All lines from the one that has "Frontend Raccoon (13.07.2016): Corpus" onward to the end of the records below are to be returned exactly; pictures are to be skipped.

(Entries taken from a collection)
---*---
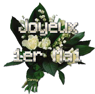 A beautiful animated sticker featuring a bouquet of white lily of the valley flowers, traditionally given on 1er Mai.
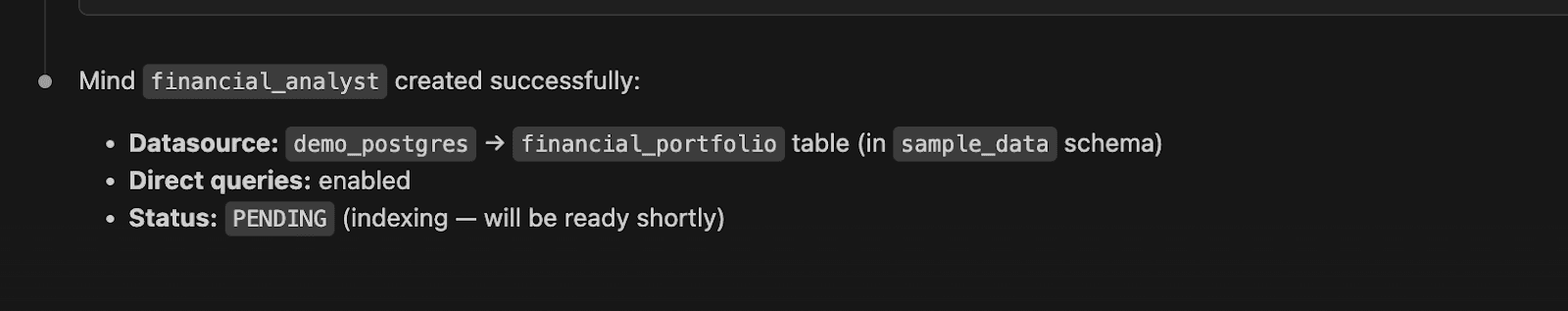 Now you can create a Mind. Create a finance analyst agent that will help you query financial data in the demo_postgres database.
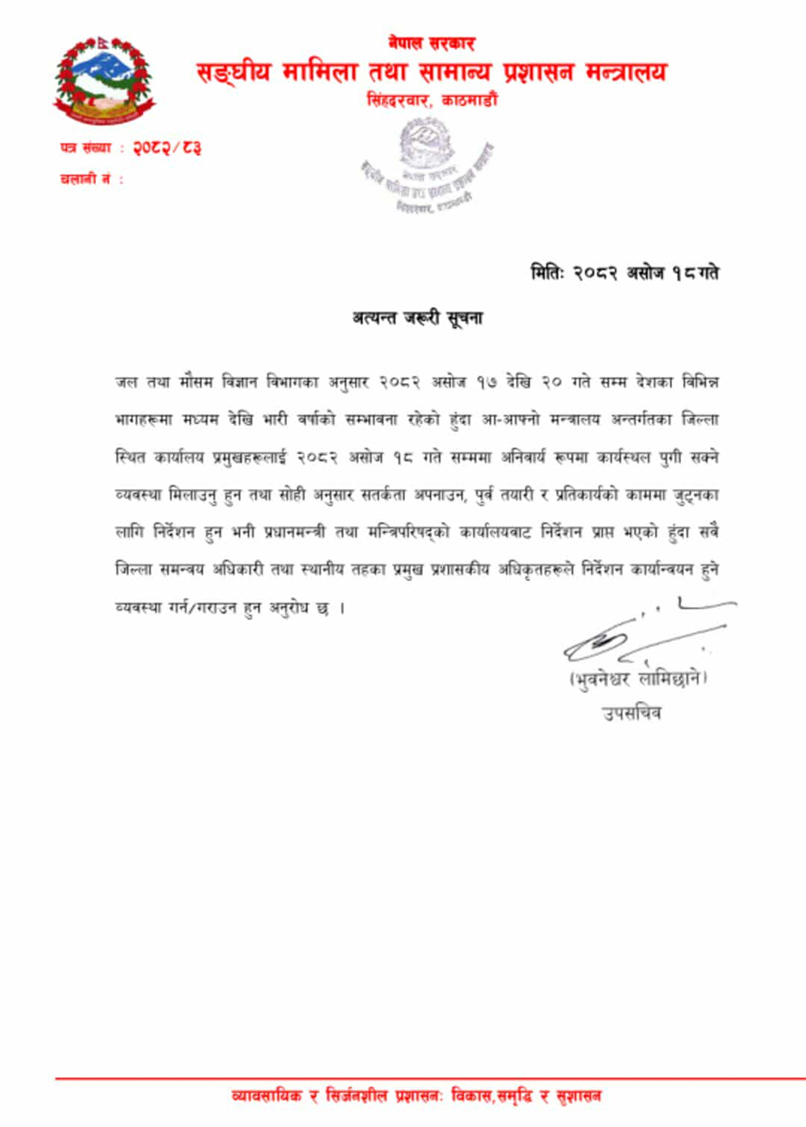 कार्यस्थल पुगेर पूर्व तयारी र प्रतिकार्यको काममा जुट्नका लागि निर्देश गरिएको छ ।संघीय मन्त्रालयका उपसचिव भुवनेश्वर लामिछानेले निकालेको सूचनामा भनिएको छ, ‘सबै जिल्ला समन्वय अधिकारी तथा स्थानीय तहका प्रमुख प्रशासकीय अधिकृतहरूले निर्देशन कार्यान्वयन हुने व्यवस्था गर्न÷गराउन हुन अनुरोध छ ।’
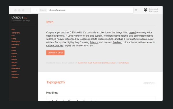 Frontend Raccoon (13.07.2016): Corpus — набор готовых CSS модулей, которые вы можете быстро пристроить в свой проект и сэкономить на вёрстке пару десятков часов. Сетка, кнопочки, анимации… Написан на Sass, легко модифицируется, хорошо задокументирован. Демо — Репозиторий — #lib@jsraccoon
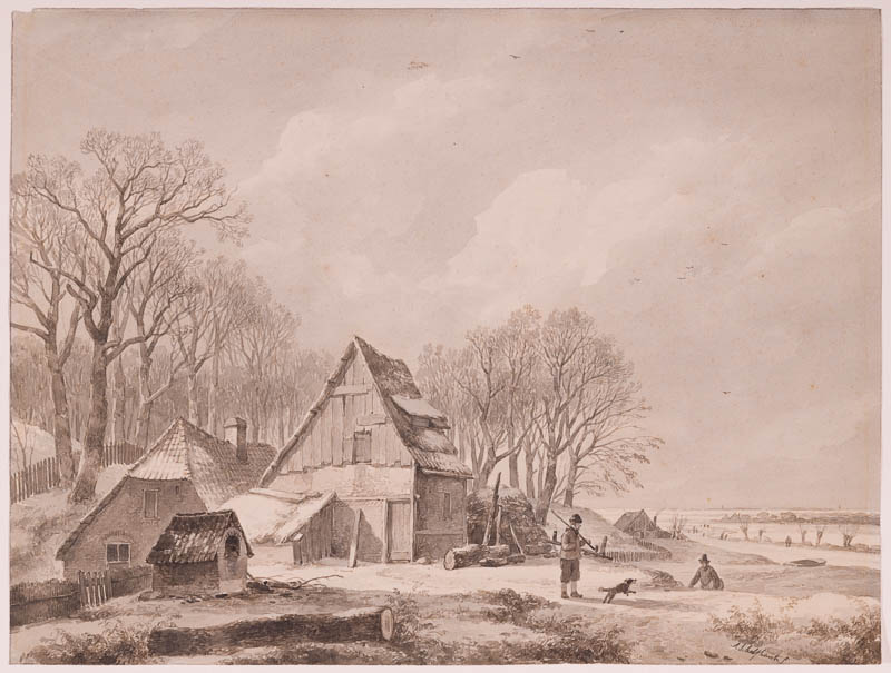 Winterlandschaft; im Vordergrund ein Gehöft vor Bäumen; ein Junge mit Stock und Hund begrüßt einen von rechts unten herbeikommenden Mann; hinter ihm Blick in eine weite, vereiste Flusslandschaft.
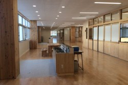 大槌学園には、「ふるさと科」という授業があります。郷土愛や生きる力、災害時の判断力や実践力を育てるために、地域の方を講師にした授業を行っているそうです。体育館の一角には、「ふるさと科」を運営される地域の方が常駐する「いどばた会議室」もあり、日常的に地域と学園をつないでいます。地元産の木の香りに包まれたぬくもりあふれる新しい学校は、地域の方々の力も借りながら、復興への取り組みが続く町で子どもたちを見守り、育てていきます。
---*---
EXERCISE RESPONSE:
 Frontend Raccoon (13.07.2016): Corpus — набор готовых CSS модулей, которые вы можете быстро пристроить в свой проект и сэкономить на вёрстке пару десятков часов. Сетка, кнопочки, анимации… Написан на Sass, легко модифицируется, хорошо задокументирован. Демо — Репозиторий — #lib@jsraccoon
 Winterlandschaft; im Vordergrund ein Gehöft vor Bäumen; ein Junge mit Stock und Hund begrüßt einen von rechts unten herbeikommenden Mann; hinter ihm Blick in eine weite, vereiste Flusslandschaft.
 大槌学園には、「ふるさと科」という授業があります。郷土愛や生きる力、災害時の判断力や実践力を育てるために、地域の方を講師にした授業を行っているそうです。体育館の一角には、「ふるさと科」を運営される地域の方が常駐する「いどばた会議室」もあり、日常的に地域と学園をつないでいます。地元産の木の香りに包まれたぬくもりあふれる新しい学校は、地域の方々の力も借りながら、復興への取り組みが続く町で子どもたちを見守り、育てていきます。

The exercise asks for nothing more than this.